NASA says India’s Moon mission made hard landing

New pictures returned from a Nasa spacecraft show the targeted landing site

The U.S. space Agency on Friday said India’s Chandrayaan-2 moon mission’s lunar Lander Vikram had a “hard landing” on the lunar surface on Sept. 7.

NASA said Vikram had a hard landing and the precise location of the spacecraft in the lunar highlands is yet to be determined.

NASA added that it has released images of the scheduled landing site captured by its Lunar Reconnaissance Orbiter.

A successful soft or controlled landing on the Moon’s surface would have made India the fourth country to have done so after the U.S., Russia and China.

The two modules were to have carried out experiments in a previously unexplored region of the Moon.

The ground station of the Indian Space Research Organisation (ISRO) in Bengaluru lost contact with the Lander minutes before the scheduled landing.

The NASA orbiter passed over the landing site on Sept. 17.

“It was dusk when the landing area was imaged and thus large shadows covered much of the terrain, it is possible that the Vikram Lander is hiding in a shadow.’’
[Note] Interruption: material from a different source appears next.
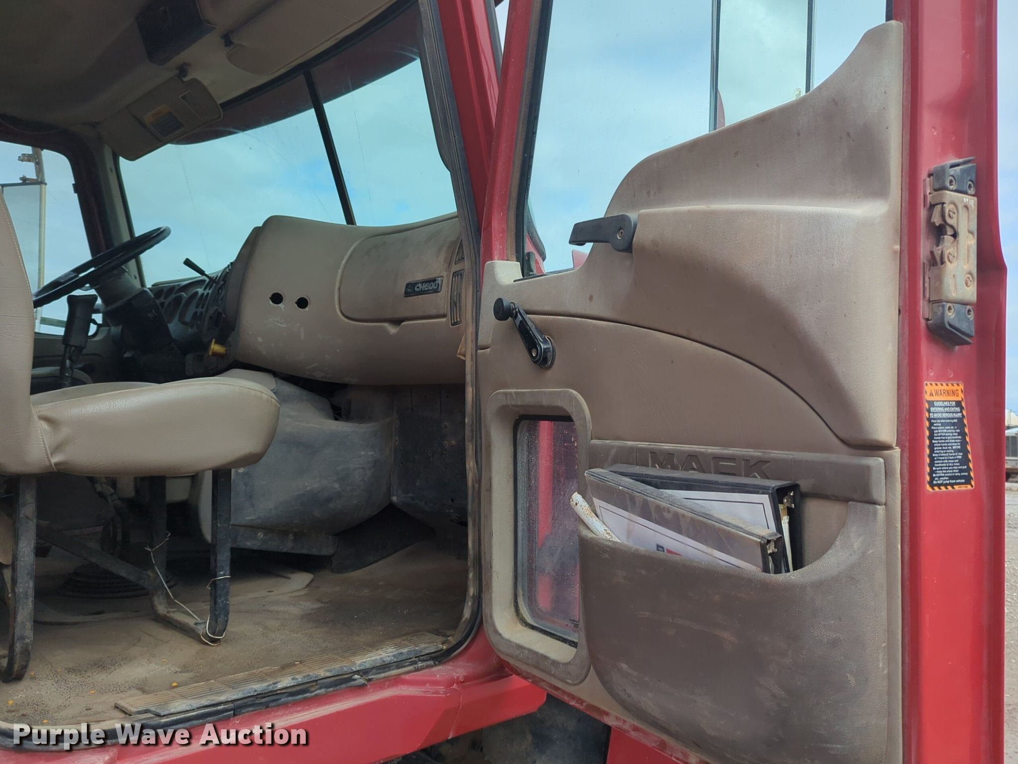 2004 Mack CH613 dump truck. Miles: 574,343 on odometer, Hours: 26,205 on meter, VIN: 1M2AA13C14N156632. Engine Displacement: 12.0L, Cylinders: 6, Fuel type: Diesel. Transmission Mack Maxitorque ES, Manual, Speed: 10. Chassis Axles: Triple, Pusher axle, Suspension: Camelback, Brakes: Air, PTO. Interior AC, Heat, Heated mirrors, Cruise control. Features Dump bed 15' L x 96" W, Side height: 40", Side board height: 9", Bed type: Steel, Roll tarp, Ram: Single, End gate: Air operated. Tires Size: 11R24.5, Lift axle: 295/75R22.5. Oklahoma title. Heartland Energy Solutions, LLC. 2401 Spur Lane. El Reno, OK 73036

NASA said it orbiter would try to locate and image the Lander again in October when the lighting would be favourable.

NASA also released new high resolution images of the site where Vikram was to have touched down.

The image was a small patch of smooth plains between two craters in the lunar highland about 600 kilometres from the Moon’s South Pole.

ISRO on Thursday said a national-level committee comprising academicians and ISRO experts were analysing the cause of loss of communications with the Lander.